In the present study, we propose an optimization model to tackle the problem of bandwidth provisioning in fixed broadband wireless microwave networks under unreliable channel conditions. In particular, our objective is to determine the minimum cost bandwidth assignment of the links in the network so that a required reliability level of the resulting dimensioning is satisfied, i.e., the selection of bandwidth is made in order to reduce bandwidth costs while ensuring that traffic requirements can be met with high probability. This model relies on the availability, for each microwave link and bandwidth, of a discrete probability distribution of the used modulation schemes. These distributions are derived using typical radio parameters and the widely accepted fading model introduced by Vigants & Barnett (Vigants, 1975). Unlike previous work, we adopt a dynamic routing strategy, where the traffic routes are optimized with respect to current link capacities.

Our solution approach relies on a mixed integer linear programming formulation based on the concept of network configuration, which refers to the network’s state in terms of the used bandwidth and modulation scheme on each transmission link. In order to handle the computational complexity of the problem, the main problem is decomposed, using the column generation technique, into a master subproblem, which determines bandwidth assignment and used configurations, and a pricing subproblem, which tries to improve the current solution by finding new efficient network configurations. Due to its non-linearity and combinatorial nature, we further propose a heuristic procedure to solve the pricing subproblem.

The paper is organized as follows. In Section 2, the recent related studies on dimensioning microwave networks are discussed. The bandwidth provisioning model, subject to bandwidth/modulation probability distributions and dynamic routing, is detailed in Section 3. We then describe our solution approach in Section 4. Numerical results are discussed in Section 5 and conclusions are drawn in the last section.


The inherent variability and unpredictability that characterize microwave transmission due, e.g., to rain precipitation, multipath fading or presence of obstacles, lead to outage events or at least to frequently changing transport capacity. Hence, many works in the literature were concerned with the idea of network reliability. This is typically defined as a numerical parameter, which represents the probability that a subset of nodes in a probabilistic network is connected. However, computing this measure is a classical computationally difficult problem (Ball, 1986; Hansen et al., 1999), even for the case in which the subset of nodes is restricted to a single sourcedestination pair, namely, the two-terminal network reliability problem (Brecht & Colbourn, 1988).

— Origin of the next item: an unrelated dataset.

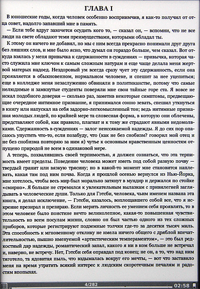 Что тут сказать по чтению FB2? В принципе все вполне неплохо. Единственный заметный минус - отсутствует настройка полей отступа, а по умолчанию поля слишком маленькие - читать некомфортно, особенно учитывая то, что дисплей заметно утоплен в корпусе (на пару миллиметров).

Dominiac et al. (2007) was among the first works to investigate the reliability of fixed broadband wireless networks, but several strong assumptions were behind their model, such as single source-destination flow or uncapacitated network. Furthermore, they considered only the major failures that cause the complete disruption of the communication channel. The authors applied available algorithms for the two-terminal network reliability problem assuming that links fail independently, which is reasonable is this context. Unfortunately, the reported results only corresponds to a small network with 5 nodes and 7 links. Kuo et al. (2010) studied the minimum cost problem of connecting a set of base station/gateway sites through a microwave backhaul using different topologies while supporting both timeand space-varying traffic demands. Also, they considered additional constraints of resilience to single link failures. The evaluation results show that meshed wireless backhaul topologies are a cost-effective alternative to trees and rings with respect to spatial and temporal fluctuation of traffic demand and protection against link failures. Nevertheless, the authors assumed fixed link capacities and the derived routing scheme was static, which limits the applicability and performance of their approach.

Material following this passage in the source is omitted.